7 Stefano Vietti, Fabio Jacomelli e Maurizio Gradin, I fiumi del cielo, in Agenzia Alfa n. 3, Sergio Bonelli Editore, Milano, dicembre 1998.
8 Stefano Vietti, Fabio Jacomelli e Maurizio Gradin, I fiumi del cielo, in Agenzia Alfa n. 3, Sergio Bonelli Editore, Milano, dicembre 1998, pag.116.

H come Humor

Carmelito Battiston è il muto maggiordomo di Zorry Kid, immensa parodia di Zorro creata dal genio umoristico di Jacovitti ( ). Carmelito è un simpatico personaggio dagli inquietanti balloons bianchi e vuoti, che accompagna con la chitarra le performance di Kid Paloma, l’identità segreta di Zorry Kid, e con estro e fantasia toglie dagli impicci il debosciato ballerino di flamenco fiancheggiando abilmente le azioni del vendicatore mascherato. È muto, è simpatico, è una fonte inesauribile di gag e battute. Uno dei volti del fumetto umoristico che guarda ai limiti fisici, psichici, intellettuali e caratteriali che rientrano nel mondo della diversità/handicap.

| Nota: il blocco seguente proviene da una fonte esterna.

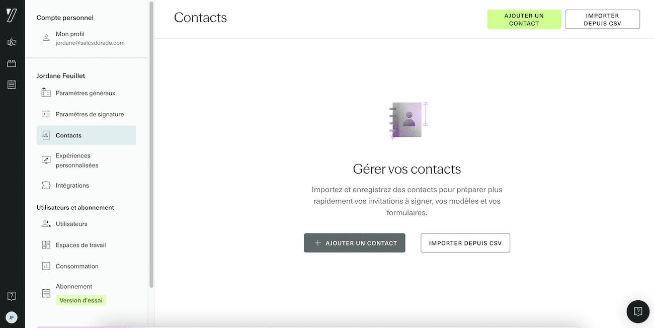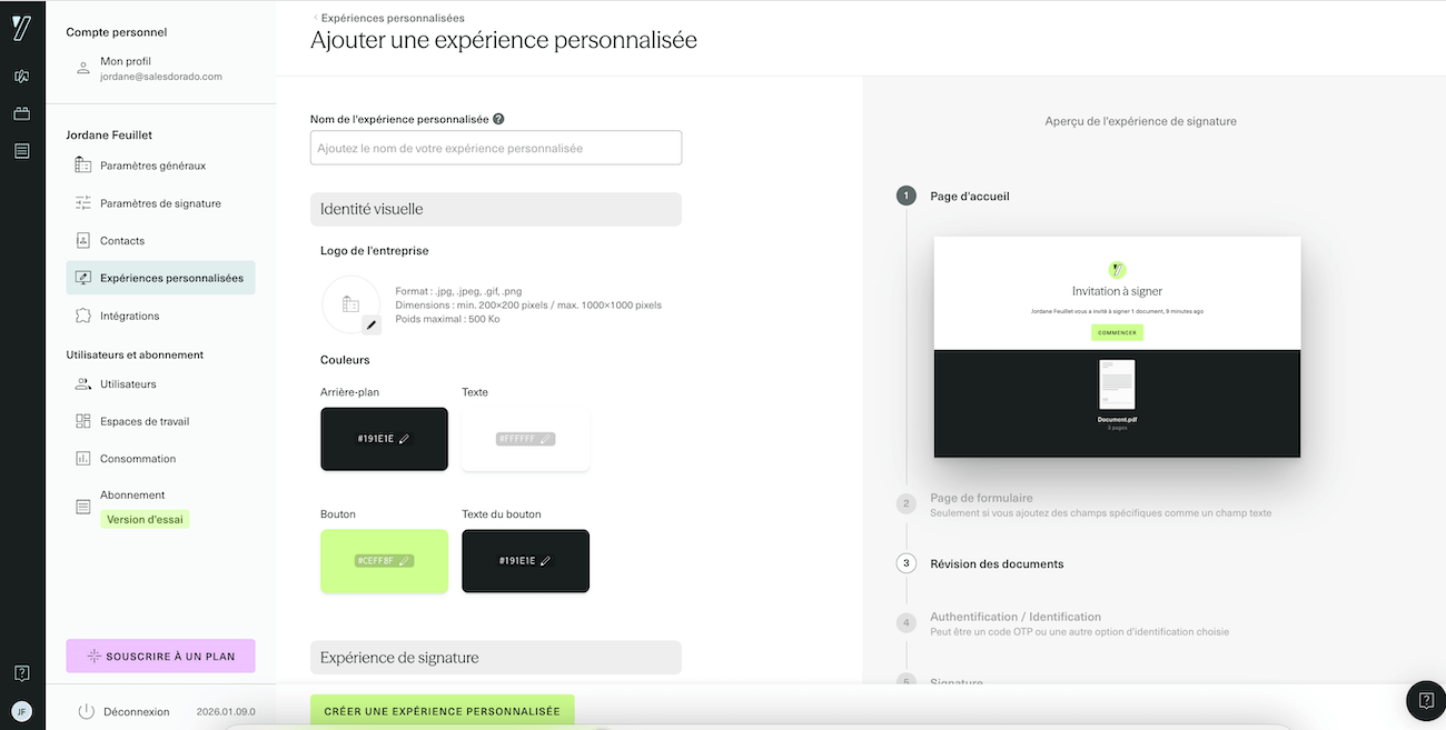 Yousign propose un essai gratuit de 14 jours sans carte bancaire. De quoi tester l’interface et vérifier que l’outil correspond à vos besoins avant de vous engager.

La deformazione fisica sembra essere una delle caratteristiche fondamentali dell’umorismo disegnato e no. Il fumetto ci presenta una schiera di ciechi, storpi, paralitici. Attraverso l’umorismo, nelle sue varie coniugazioni, il fumetto ha sottolineato una dimensione fondamentale riguardo alla diversità e all’handicap: nel rapporto con l’altro, con il diverso, nella sua rappresentazione, si ride, si sorride si sghignazza, si gioca ma tutto ciò è preceduto da una sostanziale accettazione della realtà dell’altro. L’altro esiste per quel che è. È parte costitutiva del mondo, ha un suo spazio. Affermazioni che sembrano banali ma sono tutt’altro che scontate. A riprova è curioso che nei fumetti non sia mai trattato il problema della riabilitazione o dell’inserimento guidato, pensato, progettato. Ci troviamo di fronte ad una trasfigurazione della realtà dove spesso ad un’evidente menomazione fisica o psichica si accompagna una caratteristica che rende simpatico il personaggio, che fornisce allo stesso una diversa abilità. Al gigantismo di Obelix o al nanismo di Asterix, per esempio, si accompagnano tutta una serie di caratteristiche positive che sembrano controbilanciare una fisicità non proprio perfetta.
Si ride e si sghignazza senza falsi pudori, senza pietismo. La striscia di B.C. ( ) mettendo in scena il suo Quaternario spoglio e lineare si preoccupa di rileggere i nostri tempi, tic e manie, facendo agire un simpatico gruppo di uomini e donne primitive. Due personaggi spiccano: il ciecuziente Clumsy Carp e Wiley, burbero con una gamba di legno. Clumsy Carp, alias quattorocchi, alias il Goffo è il primo ittologo della storia che passa intere giornate dedite allo studi dei pesci e alla loro protezione, mentre il sarcastico Wiley, filosofo e moralista nonché allenatore della squadra di baseball, non disdegna di scrivere improbabili pamphlet filosofici con oscuri titoli.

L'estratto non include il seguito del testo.